Raymond miró al hombre con admiración. No había caído en la cuenta de que estaba por comenzar la Semana Santa porque siempre había vivido al margen de cualquier acontecimiento religioso y su vida jamás había estado marcada por las celebraciones cristianas. En el castillo jamás se había celebrado la Navidad, y mucho menos habían estado pendientes de la Semana Santa.
– Muy apropiado. Pero dígame, tengo una curiosidad: ¿qué dirán sus jefes sobre estos atentados? No hace mucho un grupo de ulemas se reunió con el Papa y hablaron de la necesidad de ahondar en el diálogo entre las religiones monoteístas.
– Así es, pero nosotros estamos en guerra, en guerra contra los infieles que no quieren convertirse a la verdadera fe. Los infieles deben saber que no tienen otra alternativa que convertirse o morir. Los cristianos han asesinado a miles de musulmanes en nombre de la cruz.
– Eso fue durante las Cruzadas… -dijo riéndose Raymond.
– No, han continuado matándonos, invadiéndonos, despreciándonos. Las Cruzadas, amigo mío, no han terminado; lo único es que ahora los cristianos no vienen a caballo sino en aviones con las entrañas cargadas de bombas que destruyen nuestros pueblos. Algunos de nuestros ulemas hablan de paz; son hombres buenos aunque ingenuos; pero también tenemos traidores entre nosotros que se han occidentalizado, que han olvidado quiénes son y la verdadera fe. Ellos también morirán.
Salim al-Bashir apuró la copa de borgoña mientras Raymond le observaba pensando que aquel profesor era la perfecta imagen del inmigrante asimilado. Nadie diría que aquel hombre con un impecable traje comprado en la elegante y exclusiva calle londinense de Savile Row no era una fotocopia del más exquisito caballero británico. Si algún día triunfaba la revolución islamista, difícilmente Salim al-Bashir se adaptaría a la austeridad que predicaba. ¿Renunciaría a comer con vino de Borgoña?
– Y ahora, amigo mío, debemos hablar de dinero -dijo Bashir con tono compungido.
– Creo que ya ha recibido la totalidad de lo acordado.
– No, ya le dije en nuestro último encuentro que no era suficiente. Mis hombres morirán, dejan familia y la familia es muy importante para nosotros. Las madres, las esposas, los hijos y hermanos de nuestros mártires deben apoyarles y no sumar la miseria al dolor de su pérdida.
– Recibirá lo que me pidió si todo sale bien.

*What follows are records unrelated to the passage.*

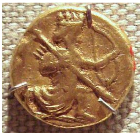
Dárico do tempo de Dario I a Xerxes I e o Dárico do século IV AC
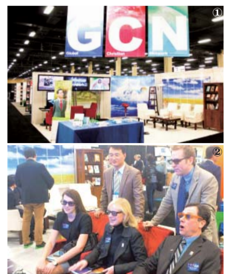
Radiodifusora GCN ha transmitido la Palabra de vida, las poderosas obras de Dios y cultura cristiana de alta calidad a 170 países. ■ Fotografía 1: El puesto de Radiodifusora GCN en la Convención y Exposición de NRB 2012 ■ Fotografía 2: Líderes de NRB miran la presentación en video 3D

más grande del mundo de la fe basada en entretenimiento cristiano, inspiraciones espirituales y contenidos educativos, además de ser una multiplataforma que incluye un servicio de red social y el comercio electrónico. Michael Solomon, su Presidente, propuso una alianza con GCN TV, diciendo: “Me gustaría presentar a toda la audiencia de televidentes en el mundo los sermones del Dr. Lee y otros programas de GCN”. Además GCN TV estableció acuerdos de cooperación y negocios con 15 organismos y grupos de radiodifusión de seis países, incluyendo Life Zone TV de Estados Unidos y SCT Internacional de Brasil. Un obrero de GCN TV indicó: “Pude notar una colaboración activa aquí para ayudar a la globalización de GCN TV. Uniremos a los organismos de radiodifusión cristiana, estableceremos infraestructura que permita que la gente vea los programas en cualquier lugar y construiremos un sistema multilingüe y una red mundial de distribución”.
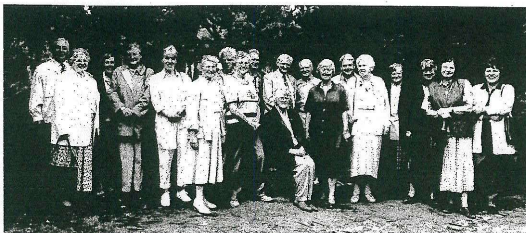
De deelnemers aan deze mooie excursiereis.

Vervolgens gingen we naar het enkele km's westelijker gelegen Groß Berßen, waar we na een korte wandeling een paar prachtige hunebedden mochten bekijken.
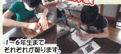
1~6年生まで それぞれが削ります。 メスティン炊飯
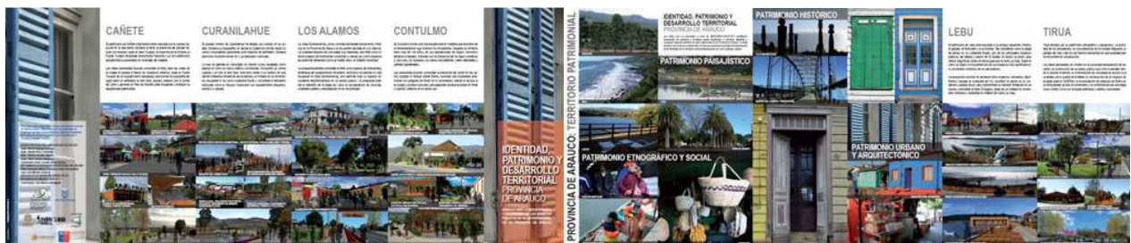
Guía Patrimonial de la Provincia de Arauco Elaboración propia

El formato adoptado fue un desplegable de 8 cuerpos transformable en un afiche, a color, en papel couché grueso con un tiraje de 10.000 ejemplares. El número de ejemplares impresos resulta aquí significativo, porque permitió la amplia difusión del proyecto en las 6 comunidades involucradas, llevando información destinada a reforzar los valores patrimoniales de cada poblado. Expresamente el equipo se alejó de la idea de editar una guía costosa en pocos ejemplares y utilizando los mismos recursos se amplió la cobertura a través de un formato más asequible a los jóvenes y la comunidad en general. Detrás de esta propuesta, está la idea de la educación patrimonial, en la perspectiva de desterrar la antigua concepción que el patrimonio es solo aquella arquitectura monumental y un asunto de expertos.
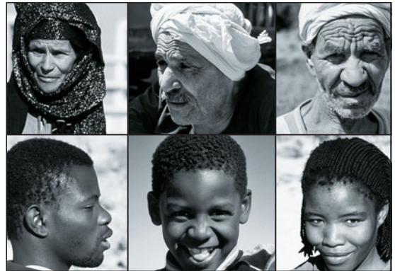
Menschen verschiedener Rassen in Afrika

Tropische Regenwälder, Savannen und Wüsten – so präsentiert sich Afrika
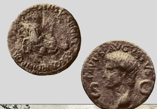
Römische Münze, Ø 27 mm, gefunden 1889 bei Thorenberg. Augustusmünze, geprägt unter Caligula.
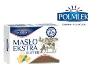
Masło extra 200g
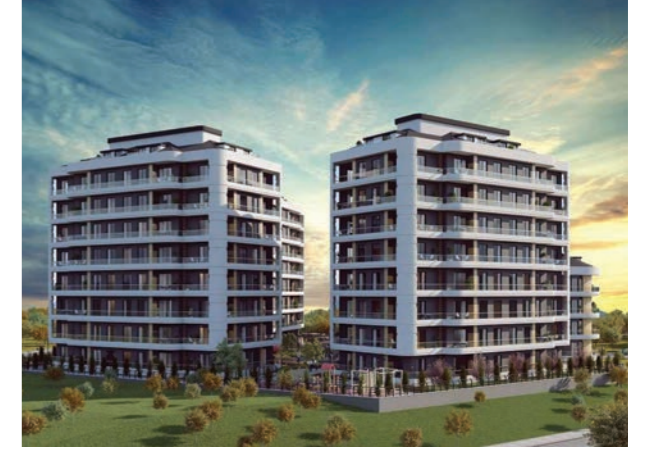
Proje İsmi : Avclar Mars19 Şehir : İstanbul Yatırımcı : Metraco A.Ş. Tarih : 2018
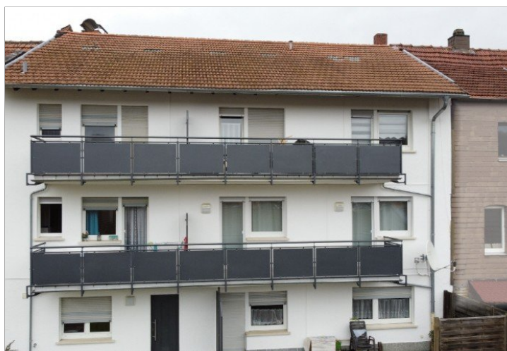
Gartenansicht - Drohne
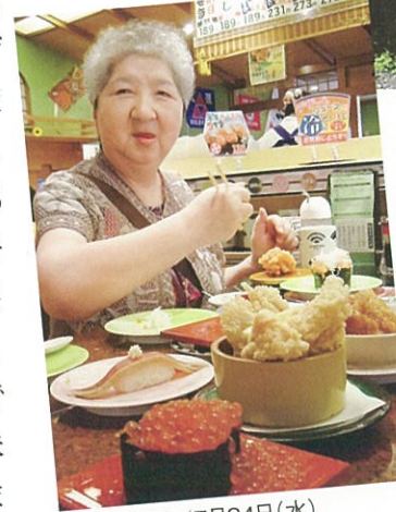
▲回転寿司 / 7月24日(水)
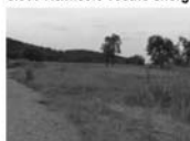
Pozemek ke stavbě RD, Tišnov, Lomnická CP 1441 m 2 2.500 Kč/ m 2
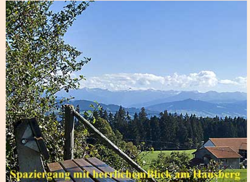
Spaziergang mit herrlichem Blick am Hausberg

In Scheidegg leben etwa 4200 Menschen. Die Marktgemeinde mit ihren Kliniken, Hotels, Pensionen, Ferienwohnungen und Privatzimmern ist einer der wichtigsten Kur- und Tourismusorte im Westallgäu und trägt mehrere Auszeichnungen: So darf sich Scheidegg „Kneippkurort Premium-Class“, „Heilklimatischer Kurort Premium-Class“ sowie „Wellvital-Ort in Bayern“ nennen.
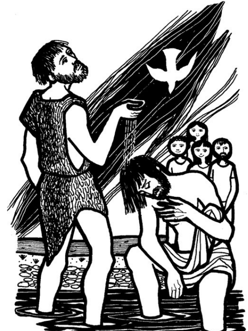
너희는 주님의 길을 곧게 내어라. < 마르코 1,1-8 >
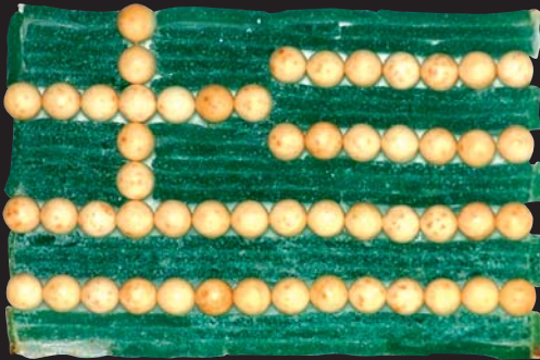
Řecká vlajka / 16 x 22 cm / kombinovaná technika / 2004

– No; usted me lo dará antes de que llevemos a cabo la operación.
– La operación es de ambos, así lo convinimos.
– Nosotros no le necesitamos, es usted quien nos necesita.
Raymond no respondió. Bashir tenía razón. Él solo jamás habría podido llevar a cabo su venganza. Había sido el Facilitador quien había pensado en cómo aprovecharse de ambos, de Bashir y de él. El Círculo había recibido una buena inyección de dinero, y una parte seguramente se había quedado en alguna de las cuentas ultrasecretas de Bashir o de hombres como él. Pensó en sí mismo, en cómo ya había saboreado en sueños la dulzura de la venganza. Sí, le daría el dinero; al fin y al cabo, el grueso de la operación corría a cargo de esos hombres misteriosos a los que representaba el Facilitador.